Concomitant procedures were common, and SLAP repair, subacromial decompression, and biceps tenodesis were frequent adjuncts to the treatment of instability. Treating remplissage as a concomitant augmentation rather than a primary stabilization helps isolate the effect of the index stabilization but may shift observed failure and RTD if augmentation is used selectively for engaging Hill–Sachs lesions. Similar interpretive challenges are seen in civilian dynamic anterior stabilization series, where DAS is typically performed in combination with Bankart repair and, in some techniques, Hill–Sachs remplissage, yet outcomes are analyzed for the combined construct rather than the individual components [80]. Without stratified reporting, such bundled cohorts are difficult to interpret in a clinically meaningful way and would generally be judged at high risk of confounding in risk-of-bias frameworks such as ROBINS-I. Procedure-level reporting that segregates outcomes by augmentation status and quantifies glenoid bone loss and lesion tracking is needed to clarify the contribution of adjuncts in high-demand military populations.

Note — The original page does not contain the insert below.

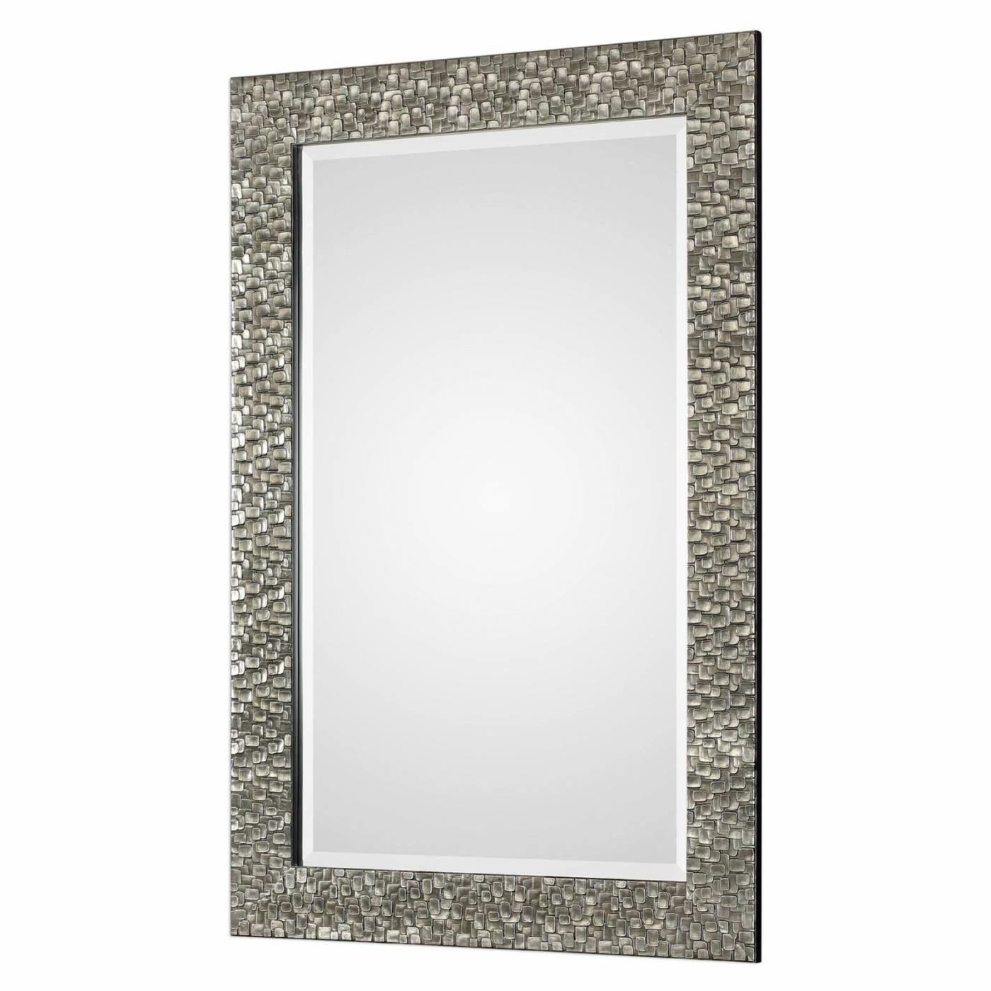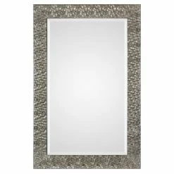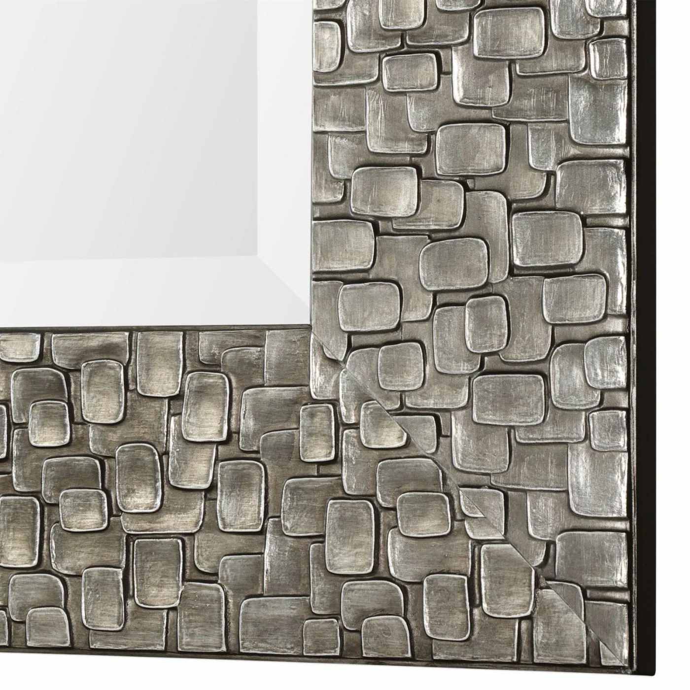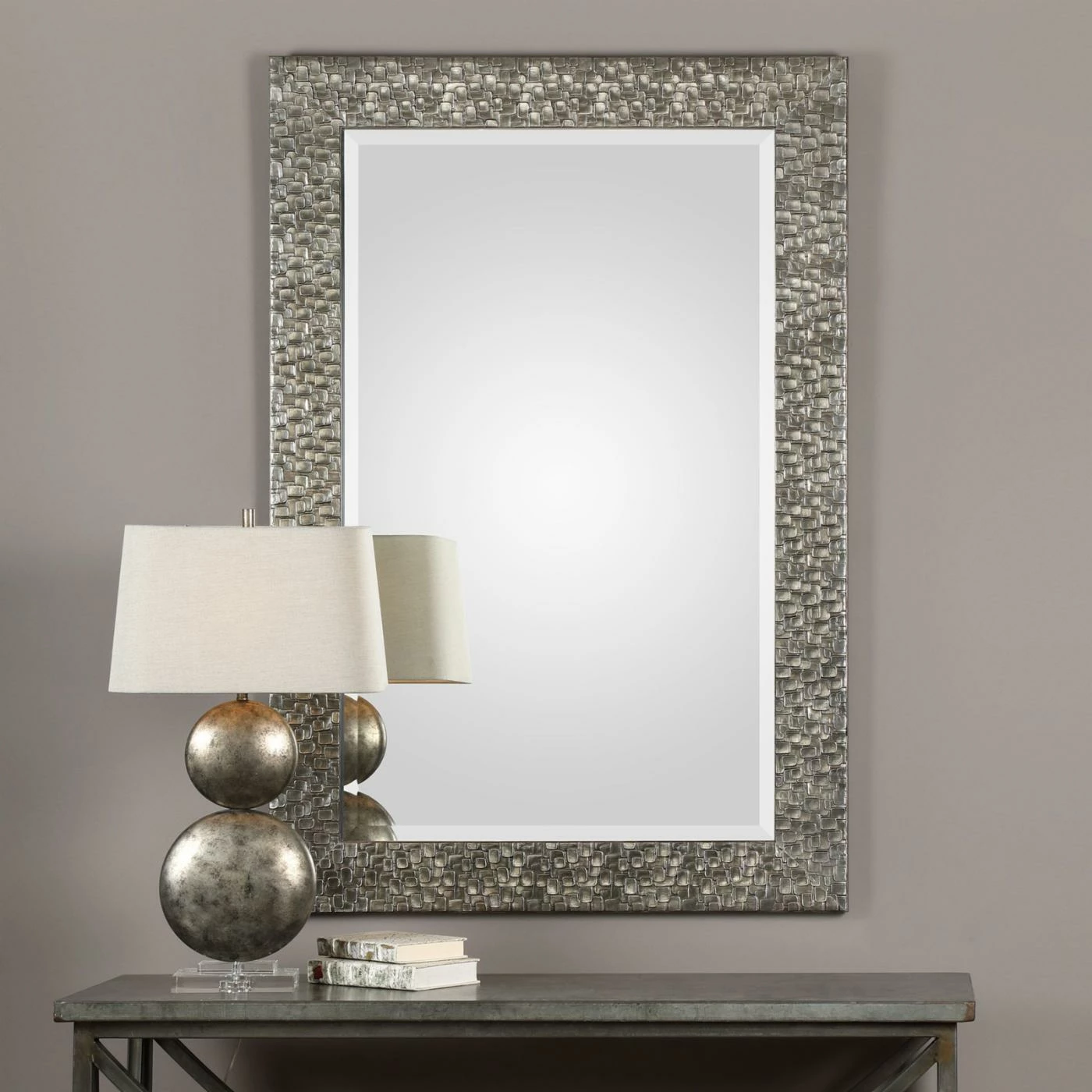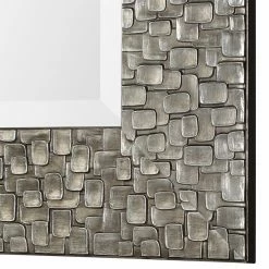 The richly textured Uttermost Kanuti Metallic Gray Mirror gets a glamorous touch from its metallic silver finish with light gray glaze. Its rectangular mirror features a wide bevel that shimmers in the light. Hang this large mirror vertically or horizontally, as you choose.

This study is not without limitations. Incidence was summarized as a person-years–weighted fixed-effect estimate across three heterogeneous surveillance systems; heterogeneity statistics were not calculated due to inherent imprecision with very small k and differing case definitions. Directionality meta-analysis included few cohorts and substantial heterogeneity that was sensitive to cohort composition. Several outcome series lacked segregated numerators and denominators, clear primary versus revision status, or detailed reporting of concomitant procedures, limiting procedure-level pooling. Many operative series reported outcomes for which multiple procedures were performed during the same operative session without disaggregating individual components; therefore, our procedure categories often encompass bundled interventions rather than isolated techniques. This multimodal reporting further limits the strength of comparative inferences between techniques. Cadet and active-duty populations were both represented and potential overlap cannot be fully excluded. Civilian and collegiate comparators were cited only for context and were not pooled, limiting generalizability outside U.S. military settings. Some cohorts reported event-level rather than patient-level directionality, necessitating exclusion from pooling and limiting precision.
5. Conclusions
Shoulder instability in U.S. servicemembers occurs at rates exceeding population-based civilian estimates, with a relatively greater share of posterior and combined patterns. Operative outcomes vary across procedures and case mix.